Tarrying with Trauma While Improvising Gender in Who Do You Think You Are?
Abstract
Alice Munro’s 1978 collection of linked stories, Who Do You Think You Are? enacts what Lorraine York calls Munro’s theory of fiction as “tarrying with difficult emotions and knowledges.” Judith Butler’s seminal 1988 theory of gender performativity postulated that improvising gender incurs obvious and covert social punishments, but that performing gender includes the possibility of innovation. Rose, the protagonist, succumbs to and contests norms imposed on women in the southwestern Ontario township of Huron County during the 1940s to 1970s.
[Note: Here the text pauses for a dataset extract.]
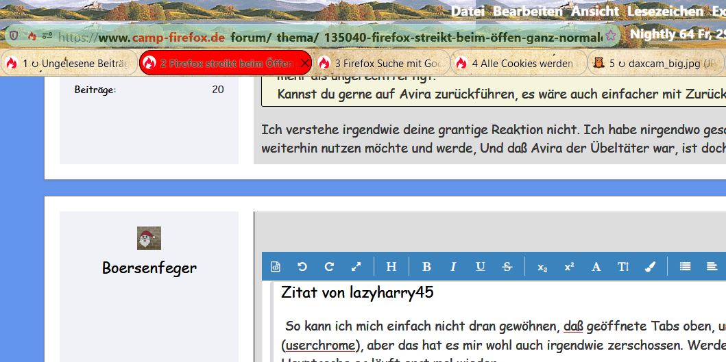 • So kann ich mich einfach nicht dran gewöhnen, daß geöffnete Tabs oben, und nicht direkt über dem Inhaltsfenster erscheinen. Ich hatte das auch geändert (userchrome), aber das hat es mir wohl auch irgendwie zerschossen. Werde mal hier im Forum schauen, ob ich hier den entsprechenden Code finde. Aber Hauptsache es läuft erst mal wieder.

This thesis explores Rose surviving punitive social conventions in her cultural context which are contiguous with trauma. For Rose, failure to conform is what Jack Halberstam defines as “queer failure”: it is a triumph of personal authenticity over gender essentialism and an acceptance of human imperfection. In the journey towards self-knowledge, Rose’s surviving trauma and defying gender scripts cause the “sticky affects” of shame and humiliation identified by Amelia DeFalco; the feeling that women are not afforded hope; and, in stressful situations, emotional dissociation and emotional economies, as identified by DeFalco and York. Rose’s marriage fails because of a sadomasochistic power struggle. Rose tarries with disconnection from others and from self; however, she innovates gender and subverts the intergenerational cycle of victim- victimizer by achieving a sense of community and strengthening personal authenticity, which Margaret Atwood says is, for “Munro’s women,” “an essential element, like air.”